The following code I found on tutorialgateway is used to remove all duplicate characters from a string.

#include <stdio.h>
#include <string.h>

int main()
{
    char str[100];
    int i, j, k;

    printf("\n Please Enter any String :  ");
    gets(str);

    for(i = 0; i < strlen(str); i++)
    {
        for(j = i + 1; str[j] != '\0'; j++)
        {
            if(str[j] == str[i])
            {
                for(k = j; str[k] != '\0'; k++)
                {
                    str[k] = str[k + 1];

                }
            }
        }
    }

    printf("\n The Final String after Removing All Duplicates = %s \n", str);

    return 0;
}

I thought if I changed the == for != on the if statement it would instead remove all unique or non duplicate characters, but instead it does something else.
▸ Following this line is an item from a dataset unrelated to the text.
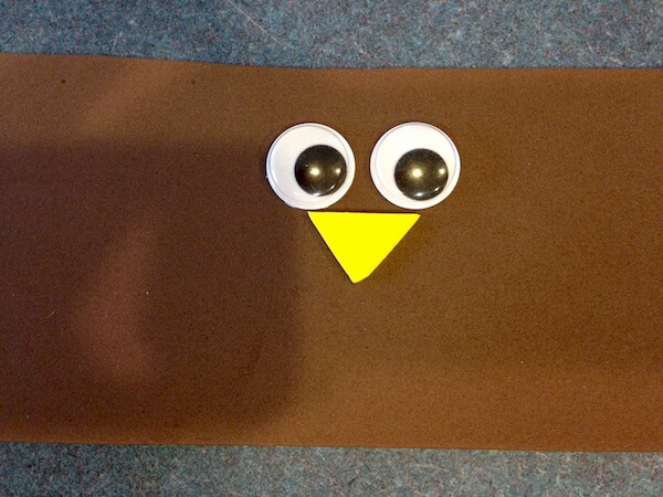 Next, cut out a small triangle of yellow craft foam for the nose. Glue this and 2 googly eyes to the center of your brown craft foam using Mod Podge. Allow to dry.

What am I not understanding about how this code works?

  • Please _edit_ your question to clarify. When we "remove" all duplicate chars, given `abbbc`: Do we want `abc` or `ac` as the result? – Craig Estey Feb 01 '22 at 19:08
  • 1
    Ideally remove all chars that appear more than once, so `ac` would be correct. – André Marques Feb 01 '22 at 19:11
  • Hmmm "remove all non duplicate characters from a string." --> as the _null character_ is part of the _string_ (As defined by the C library) - and there is only 1 in a string, I hope you do not want to remove that too. – chux - Reinstate Monica Feb 01 '22 at 19:34
  • @chux-ReinstateMonica I think that is covered on the **for** loop with `str[] != '\0'`, no? – André Marques Feb 01 '22 at 19:48
  • I'd say the code covers not removing the null character. Yet the stated goal is not met even if the reasonable goal is met. IOWs, the problem is not the code, but the goal. Certainly not a big issue with learner code - just watch out for such ambiguities in production assignments. – chux - Reinstate Monica Feb 01 '22 at 19:54

1 Answers1

3

Your solution will take approximately O(n^3).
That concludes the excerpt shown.